Work item:
Whatever lies between the line with "and Biscayne Bay" and the end of the data, both included, must be copied exactly and without pictures.

Data extracted from a collection
################

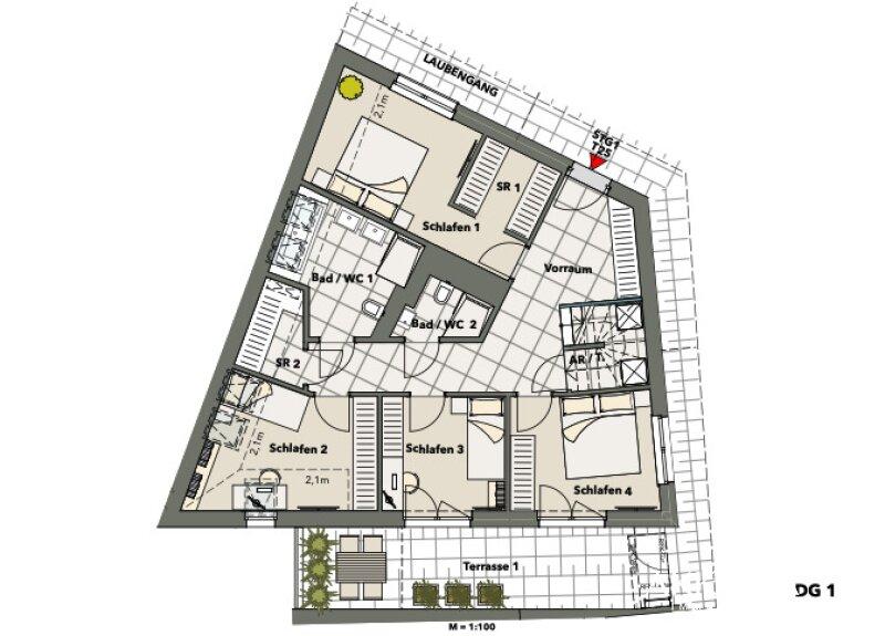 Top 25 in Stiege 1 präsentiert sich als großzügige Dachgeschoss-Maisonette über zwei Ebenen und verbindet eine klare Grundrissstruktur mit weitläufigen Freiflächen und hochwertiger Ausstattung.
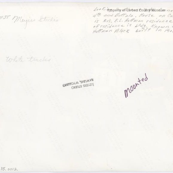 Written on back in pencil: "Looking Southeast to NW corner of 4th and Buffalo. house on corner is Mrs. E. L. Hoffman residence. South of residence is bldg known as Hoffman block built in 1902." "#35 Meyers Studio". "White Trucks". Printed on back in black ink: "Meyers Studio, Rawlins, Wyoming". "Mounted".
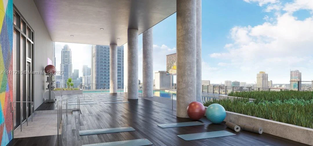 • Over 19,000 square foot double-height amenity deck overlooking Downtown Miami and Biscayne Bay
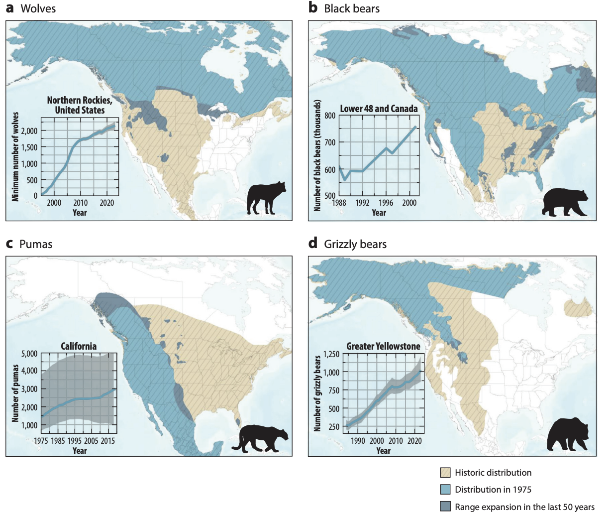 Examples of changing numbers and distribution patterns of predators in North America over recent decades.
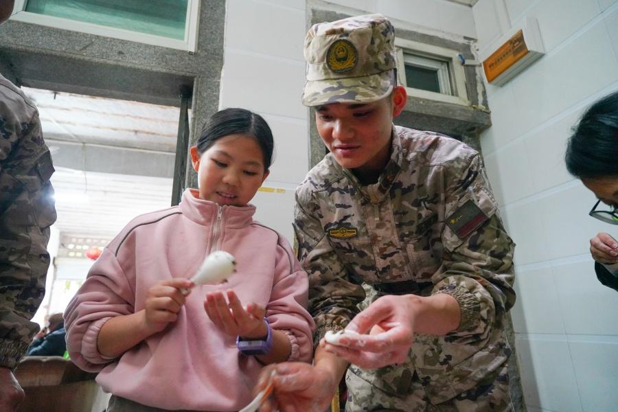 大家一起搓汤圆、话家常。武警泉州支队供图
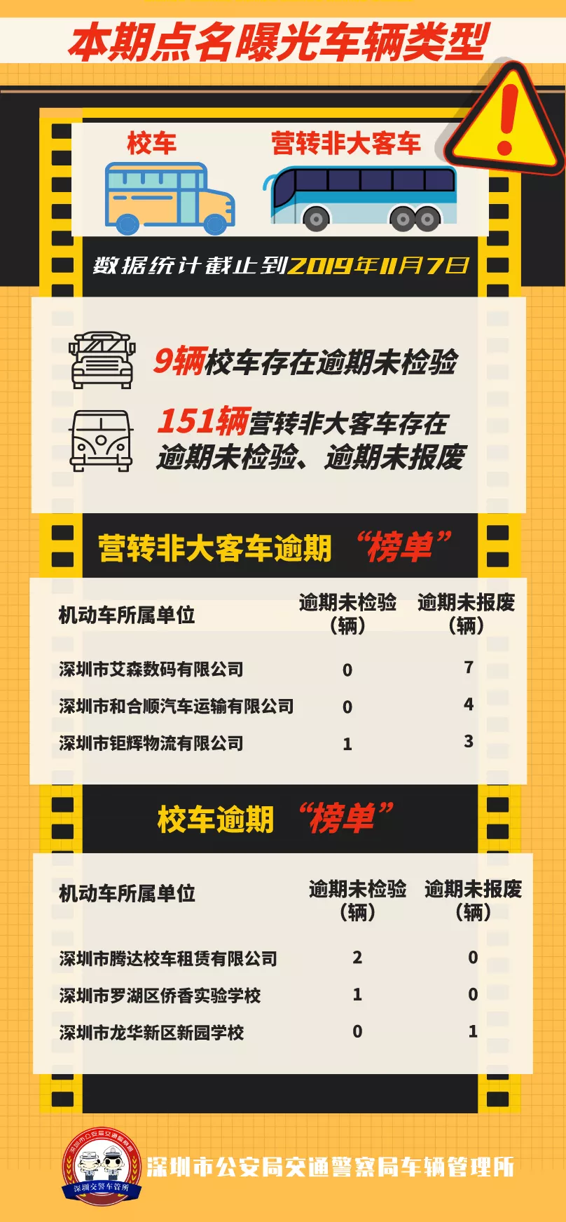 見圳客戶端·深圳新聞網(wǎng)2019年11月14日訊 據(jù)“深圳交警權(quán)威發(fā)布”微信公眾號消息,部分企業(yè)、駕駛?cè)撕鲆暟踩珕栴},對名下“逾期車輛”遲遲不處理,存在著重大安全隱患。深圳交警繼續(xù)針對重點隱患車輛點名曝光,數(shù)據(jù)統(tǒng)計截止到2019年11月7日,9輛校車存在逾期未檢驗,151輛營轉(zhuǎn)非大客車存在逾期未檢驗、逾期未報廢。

################

Response to this exercise:
 • Over 19,000 square foot double-height amenity deck overlooking Downtown Miami and Biscayne Bay
 Examples of changing numbers and distribution patterns of predators in North America over recent decades.
 大家一起搓汤圆、话家常。武警泉州支队供图
 見圳客戶端·深圳新聞網(wǎng)2019年11月14日訊 據(jù)“深圳交警權(quán)威發(fā)布”微信公眾號消息,部分企業(yè)、駕駛?cè)撕鲆暟踩珕栴},對名下“逾期車輛”遲遲不處理,存在著重大安全隱患。深圳交警繼續(xù)針對重點隱患車輛點名曝光,數(shù)據(jù)統(tǒng)計截止到2019年11月7日,9輛校車存在逾期未檢驗,151輛營轉(zhuǎn)非大客車存在逾期未檢驗、逾期未報廢。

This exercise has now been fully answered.